__Requirement__
Transcribe only the part of the material below that begins at the line containing "A9616 ÁO XANH SỌC NÂU HAI DÂY" and ends at the line containing "BMW E90, E91", with both kept and images left out.

__Working data__

%%

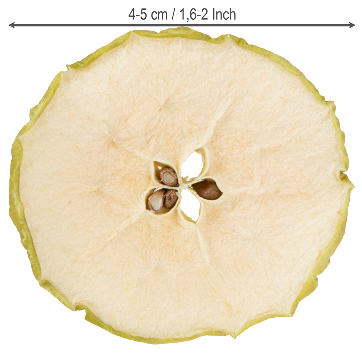 In ogni confezione da 500 grammi ci sono diverse fette di mela rossa da decorare, che sono naturalmente di dimensioni leggermente diverse. Pertanto, i dischi hanno un diametro di circa 4-5 centimetri e sono una decorazione sul runner del tavolo da pranzo un effetto straordinario che non è secondo a nessuno.
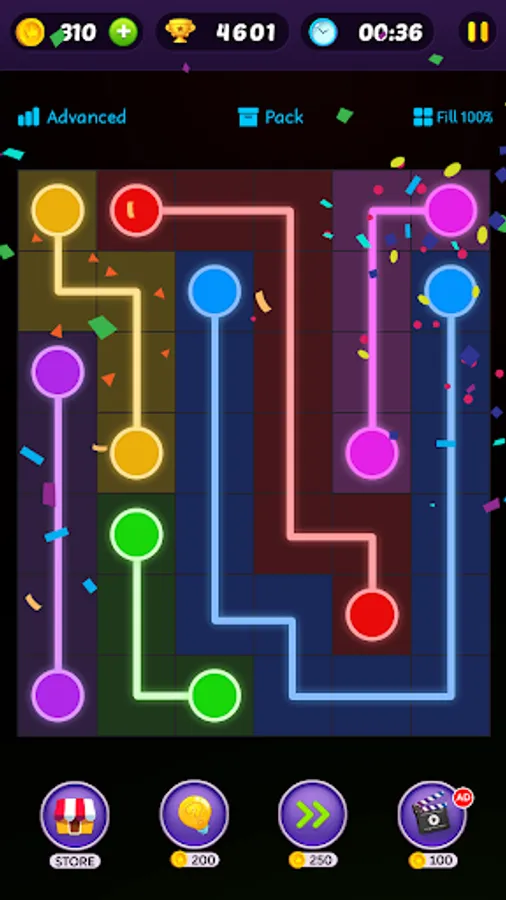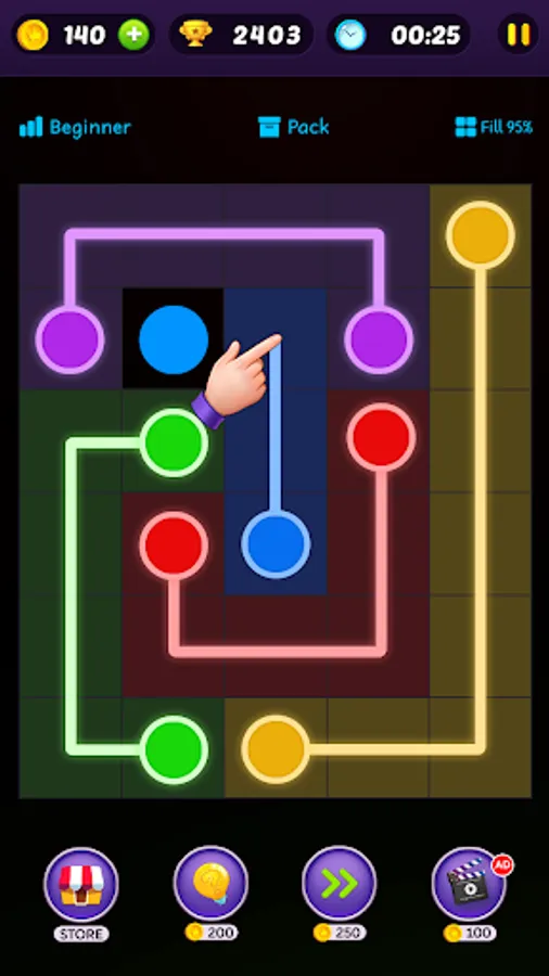 Challenging stages suitable for all skill levels in this dot-connect game.
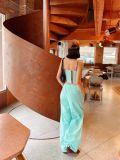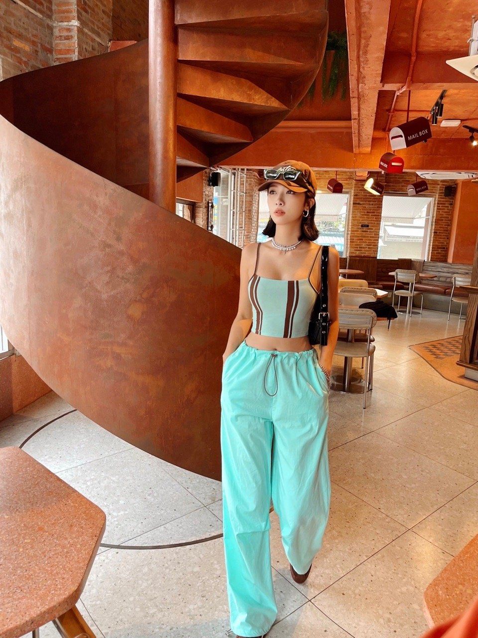 A9616 ÁO XANH SỌC NÂU HAI DÂY
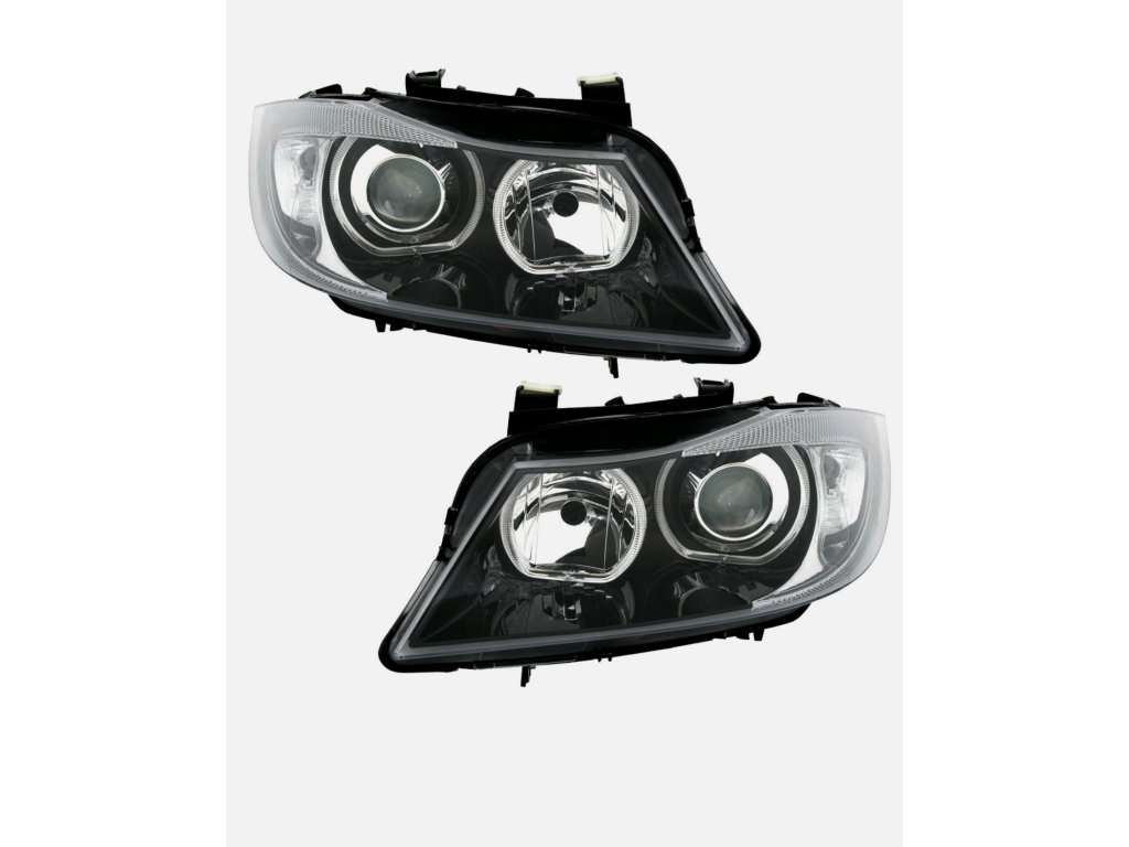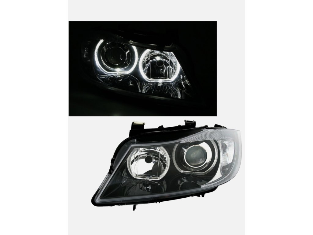 BMW E90, E91 predné svetlá s led Angel Eyes bielymi krúžkami
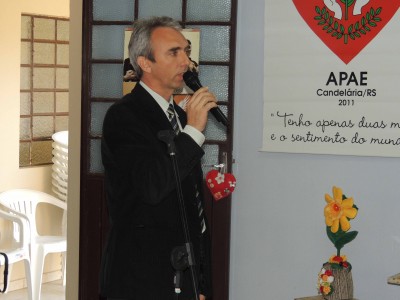O prefeito Paulo Butzge participou na manhã de quarta-feira da abertura da “Semana da Pessoa com Deficiência Intelectual e Múltipla” na sede da APAE (associação de Pais e Amigos dos Excepcionais) de Candelária. Além da abertura da semana, também foram apresentados os trabalhos da terceira etapa do projeto “Eu pinto com o Coração”, onde alunos da Apae auxiliados por voluntários e alguns artistas da cidade, como as artistas plásticas Cristine Lersh e Yona Pohl, que despendem do seu tempo para auxiliar a instituição.
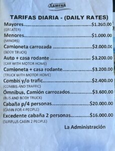 Tarifas para hospedarse en el camping Carlos Xamena:

%%

__Solved exercise__
 A9616 ÁO XANH SỌC NÂU HAI DÂY
 BMW E90, E91 predné svetlá s led Angel Eyes bielymi krúžkami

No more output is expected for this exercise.